If There is Life, I Want to Live

Metropolitan Nikolaos of Mesogaia and Lavreotiki

This short book contains the encounters of Metropolitan Nikolaos, and addresses a question that concerns many: “How can the Church address the doubts of the younger generation and interest them in matters of faith?”

The book recalls authentic conversations between the author and a group of young people. They are mostly skeptical of the Church, yet are interested in the life journey of Metropolitan Nikolaos, who went from being a successful scientific researcher in America to becoming a monk and hierarch. It is presented as 100 questions and answers on matters of faith, yet is recorded as a natural and frank dialogue interspersed with the Metropolitan’s personal thoughts and impressions.

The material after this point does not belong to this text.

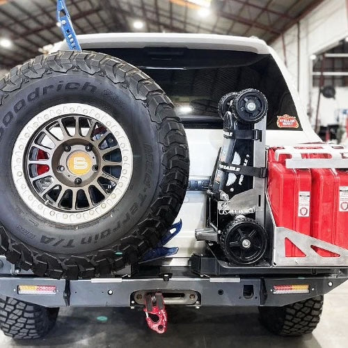 Rozsdamentes acélból készült, és 4 előre fúrt lyukkal könnyen a járműhöz csavarozható, ez a tartó a 2 tonnás "The Beast" emelőt, az emelő fogantyúit és az opcionális emelőt is megtartja.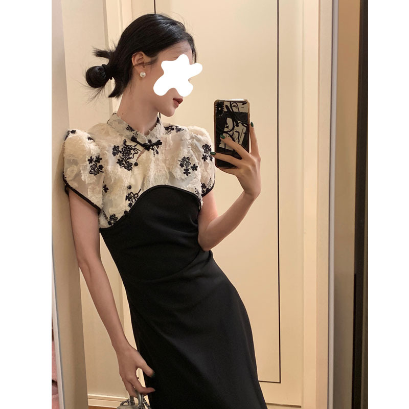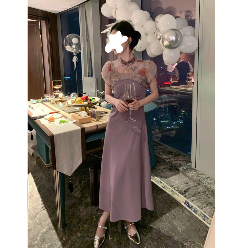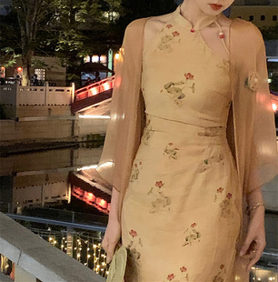 烟雨谣复古旗袍连衣裙女夏两件套新中式国风改良高腰吊带裙旗袍裙

The book’s value derives from the charming approach of Metropolitan Nikolaos who delicately and humbly engages with those he encounters, always making sure to respect them as equals and not to preach to them.

He confesses that when he was younger he had many similar issues with the Faith. In fact, he refused to have something so important imposed on him, preferring to discover the truth himself through a personal search. It was this natural skepticism that attracted Metropolitan Nikolaos to science.

The questions themselves range from disputes on the existence of God, or the possibility of human resurrection, to more personal concerns such as whether it is possible to follow the commandments of our Faith in the modern age. Instead of engaging in debates, the Metropolitan steers their questions away from secondary concerns to more important matters and attempts to clarify by offering his own understanding. He never tries to convince them to believe, but he attempts to open his heart to them and their hearts to God by relaying his own experiences.

Overall, Metropolitan Nikolaos gives excellent answers to these common yet difficult questions. But above all, his inspiring example shows us the correct way to approach these discussions – with humility and love.